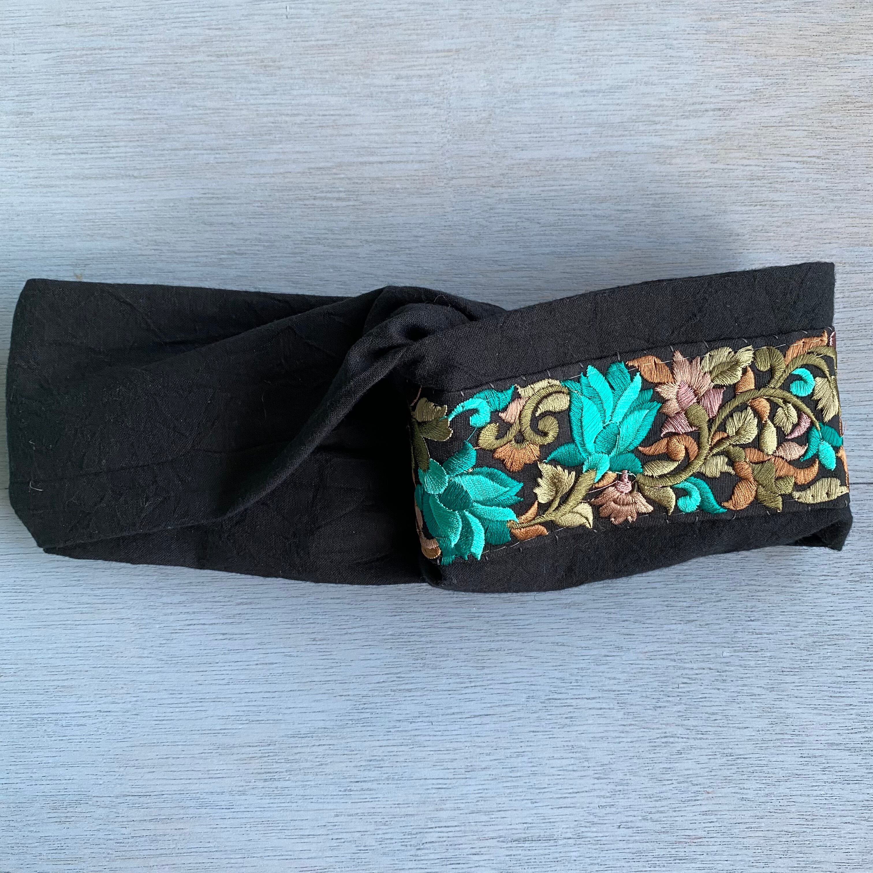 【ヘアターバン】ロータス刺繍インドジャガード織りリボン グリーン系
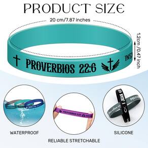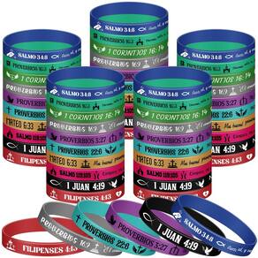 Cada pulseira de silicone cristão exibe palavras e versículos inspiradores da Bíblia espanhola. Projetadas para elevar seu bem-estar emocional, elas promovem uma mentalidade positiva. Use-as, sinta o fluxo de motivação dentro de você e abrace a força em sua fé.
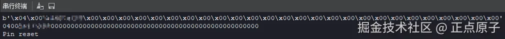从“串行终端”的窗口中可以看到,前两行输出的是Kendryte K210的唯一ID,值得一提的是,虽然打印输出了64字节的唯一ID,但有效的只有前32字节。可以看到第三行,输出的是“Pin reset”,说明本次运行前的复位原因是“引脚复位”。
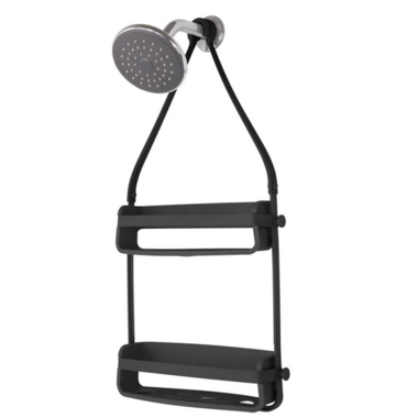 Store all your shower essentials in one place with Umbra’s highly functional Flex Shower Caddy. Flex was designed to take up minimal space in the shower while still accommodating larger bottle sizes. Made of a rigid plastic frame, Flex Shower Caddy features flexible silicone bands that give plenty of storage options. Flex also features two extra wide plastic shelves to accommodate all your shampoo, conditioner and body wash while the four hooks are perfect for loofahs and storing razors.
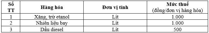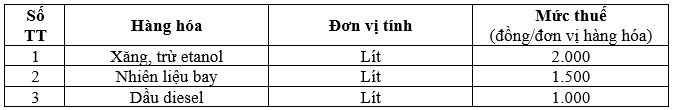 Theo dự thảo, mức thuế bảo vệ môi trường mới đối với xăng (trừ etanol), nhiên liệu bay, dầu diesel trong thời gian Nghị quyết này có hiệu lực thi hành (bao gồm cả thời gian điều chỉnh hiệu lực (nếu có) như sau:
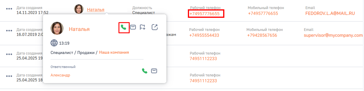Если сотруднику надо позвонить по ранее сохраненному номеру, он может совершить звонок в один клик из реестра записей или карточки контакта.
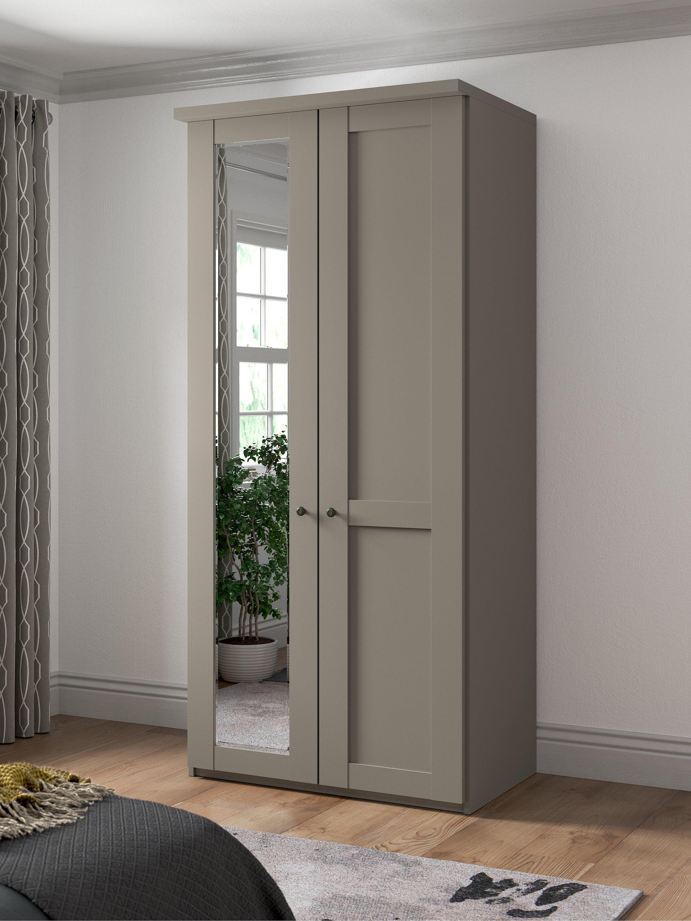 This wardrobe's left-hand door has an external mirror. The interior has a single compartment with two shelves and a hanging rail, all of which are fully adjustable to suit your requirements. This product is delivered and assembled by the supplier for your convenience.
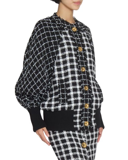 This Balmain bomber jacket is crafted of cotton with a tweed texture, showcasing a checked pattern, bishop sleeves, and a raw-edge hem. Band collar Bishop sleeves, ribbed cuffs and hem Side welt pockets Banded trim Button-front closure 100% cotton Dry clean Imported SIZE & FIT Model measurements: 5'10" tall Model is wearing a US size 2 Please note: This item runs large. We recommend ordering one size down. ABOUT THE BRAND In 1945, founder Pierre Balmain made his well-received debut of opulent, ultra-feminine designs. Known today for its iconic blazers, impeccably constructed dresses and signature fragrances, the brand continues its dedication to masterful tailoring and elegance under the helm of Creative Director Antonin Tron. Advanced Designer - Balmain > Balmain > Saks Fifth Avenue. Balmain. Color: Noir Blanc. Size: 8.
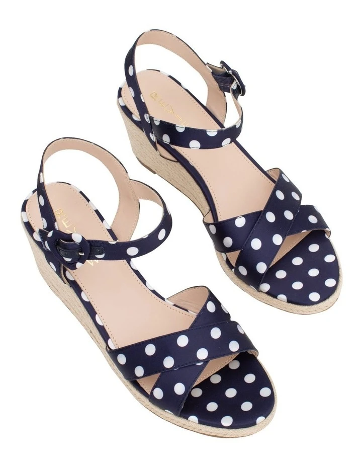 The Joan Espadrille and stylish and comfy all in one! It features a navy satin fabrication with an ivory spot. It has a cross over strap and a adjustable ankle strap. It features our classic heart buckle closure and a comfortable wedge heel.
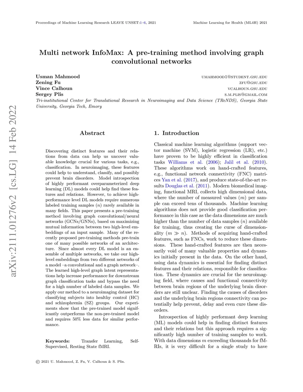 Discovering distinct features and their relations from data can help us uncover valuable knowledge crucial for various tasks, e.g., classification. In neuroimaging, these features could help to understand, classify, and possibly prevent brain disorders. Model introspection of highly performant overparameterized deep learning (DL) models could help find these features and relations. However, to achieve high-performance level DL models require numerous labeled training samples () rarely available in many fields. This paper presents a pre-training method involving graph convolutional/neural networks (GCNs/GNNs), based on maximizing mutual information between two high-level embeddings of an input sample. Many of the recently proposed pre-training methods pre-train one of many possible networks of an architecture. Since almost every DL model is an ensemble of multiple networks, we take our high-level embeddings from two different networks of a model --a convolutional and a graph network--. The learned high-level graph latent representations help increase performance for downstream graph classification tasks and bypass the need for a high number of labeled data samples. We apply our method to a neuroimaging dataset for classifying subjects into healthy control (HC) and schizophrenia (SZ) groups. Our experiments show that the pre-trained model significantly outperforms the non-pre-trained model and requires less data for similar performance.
—————
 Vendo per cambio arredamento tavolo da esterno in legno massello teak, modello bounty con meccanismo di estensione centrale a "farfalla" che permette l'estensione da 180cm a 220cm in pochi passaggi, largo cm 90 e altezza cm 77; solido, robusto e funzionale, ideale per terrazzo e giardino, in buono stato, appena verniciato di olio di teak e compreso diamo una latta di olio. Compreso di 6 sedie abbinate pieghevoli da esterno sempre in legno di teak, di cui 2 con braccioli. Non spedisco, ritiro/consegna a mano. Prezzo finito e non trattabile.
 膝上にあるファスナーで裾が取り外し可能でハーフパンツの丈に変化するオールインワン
—————
Wherever the line holding "Vendo per cambio" falls in the entries above, copy exactly from it through the line holding "膝上にあるファスナーで裾が取", inclusive, and add nothing.

 Vendo per cambio arredamento tavolo da esterno in legno massello teak, modello bounty con meccanismo di estensione centrale a "farfalla" che permette l'estensione da 180cm a 220cm in pochi passaggi, largo cm 90 e altezza cm 77; solido, robusto e funzionale, ideale per terrazzo e giardino, in buono stato, appena verniciato di olio di teak e compreso diamo una latta di olio. Compreso di 6 sedie abbinate pieghevoli da esterno sempre in legno di teak, di cui 2 con braccioli. Non spedisco, ritiro/consegna a mano. Prezzo finito e non trattabile.
 膝上にあるファスナーで裾が取り外し可能でハーフパンツの丈に変化するオールインワン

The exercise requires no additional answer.